Thank you for taking the time to say so, Julie. Tell your sister I said hi 🙂
Thank you for writing this.
One of my biggest fears is imparting my eating disorder onto my son by accident, or rather without meaning to.
I worry, to almost an obsession, that something I do while he’s a toddler, then child, then teen…will lead him to a life of dealing with an eating disorder. I would love him regardless, I just want him to not have to suffer the way I have.
By changing my eating and exercise habits now, I am hopefully pointing him into a direction of health, happiness and pure pleasure, in all things life.
(Also, I wrote fast and did not edit, so my content may be a bit twisty turny) 🙂
Great article. I think the things you mention apply as much to boys as they do girls.
Thanks for saying so, Lulu 🙂
Hello Ms. Coffey. How can I subscribe to receive your articles? !! You are so fantastic and inspiring. Thank you for writing about such great topics. I am just starting on my weight loss journey and could use extra motivation. Thanks!

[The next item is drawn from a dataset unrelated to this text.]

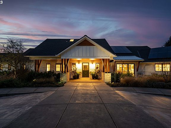 Nestled on nearly 10 acres, this masterfully crafted residence, designed by Arbor South and built by Mieli Construction, offers unmatched luxury. Enjoy breathtaking valley and Coburg Hills views, providing a picturesque backdrop for an extraordinary lifestyle.Step into the heart of this architectural masterpiece with a modern farmhouse kitchen featuring quartz counters, Sub-Zero fridge, Miele dishwasher, farm sink, and WOLF ovens. The great room boasts exposed beam vaulted ceilings, hardwood flooring, a stone gas fireplace, and seamless access to outdoor living.The main-level Owner's Suite offers a relaxing sanctuary with stunning views, a custom rain shower, elegant tilework, and a spacious walk-in closet. A connected workout room includes an additional full bath and sauna. Additional main-level features include an ensuite bedroom, a den with built-in desks, and extra living space with a sleek gas fireplace.Upstairs reveals another modern farmhouse-style bedroom, a full bath, and a charming bunk bedroom. Premium air filtration and app-controlled HVAC ensure optimal comfort. The property showcases close-in country living with a Accessory Dwelling Unit, RV Garage-insulated & heated, Greenhouse, Shop, and Barn. Solar panels enhance energy efficiency, and the fully fenced grounds feature a security system and a sophisticated well system. Outdoor living is an art form with a landscaped yard boasting a swimming pool, an outdoor kitchen with heaters, a fireplace, granite counters, a grill, a fire pit, and a sports court with a putting green, trampoline, and basketball/pickleball court. This residence transcends ordinary living, offering architectural excellence, technological innovation, and an idyllic setting on nearly 10 acres of prime close-in country property. Embrace the pinnacle of luxury living in this exclusive estate, where every detail is thoughtfully curated for the discerning homeowner. 2025-05-02

Hey there, Ana! If you register for the webinar in the sidebar, you’ll be added to my mailing list. Truthfully, I’m TERRIBLE about sending emails to my list consistently, but your question has brought that part of what I do back toward the top of my list of priorities, so let’s see what happens in the next month 🙂
Thank you!
What a great article! It drew tears when I read #6. My mother ate ice cream exactly the same way. Oh my gosh, I was transported right back to our kitchen in the 70’s (this feels especially surreal since I am now living in the house where I grew up). Thank you, Kelly. I am sharing this post 🙂
You’re so welcome, Lisa. I’m lucky to get to work with you.

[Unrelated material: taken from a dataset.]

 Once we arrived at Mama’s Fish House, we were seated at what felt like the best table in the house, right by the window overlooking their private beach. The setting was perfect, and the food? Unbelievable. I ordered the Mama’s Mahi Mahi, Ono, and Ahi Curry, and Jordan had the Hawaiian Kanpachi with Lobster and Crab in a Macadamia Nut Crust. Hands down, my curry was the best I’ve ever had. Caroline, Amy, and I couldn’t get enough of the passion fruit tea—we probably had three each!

Just wanted to say, as a father of 2 little ones, this article is most excellent. Loved this in particular, “For better or worse, we learn how to be people in the world by watching and emulating the folks that raise us. There are no guarantees, but active parents who consistently eat well are much more likely to pass those habits to their kids. Parents who toss around shoulds without teaching by example are more likely to pass on guilt, self-resentment, and self-sabotage.” <—-epic truth.
Well done.
Thanks, Roy. 🙂
I wish this article was titled how to raise a 300 pound child. Boys are very over weight now days too but we seem to accept it easier than girls when it is just as dangerous for their health and well being.

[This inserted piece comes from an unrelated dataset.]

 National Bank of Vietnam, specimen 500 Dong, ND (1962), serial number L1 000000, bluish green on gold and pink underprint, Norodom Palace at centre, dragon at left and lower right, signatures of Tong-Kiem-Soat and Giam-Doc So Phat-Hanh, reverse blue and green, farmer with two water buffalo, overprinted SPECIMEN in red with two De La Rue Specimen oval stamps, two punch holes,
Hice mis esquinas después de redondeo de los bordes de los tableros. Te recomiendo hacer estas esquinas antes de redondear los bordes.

Hey there kiddo remember me?
I am still battling the beast however one day I WILL win!
Would you do me a really big favor? Could you email me a printable version of this blog. You see my wife owns a preschool and this would go so well in her newsletter to the parents of the students. I would ask if it is not to difficult if you could change it from daughter to child etc. so it will hit home to all. Please include your contact info/links for your programs as well.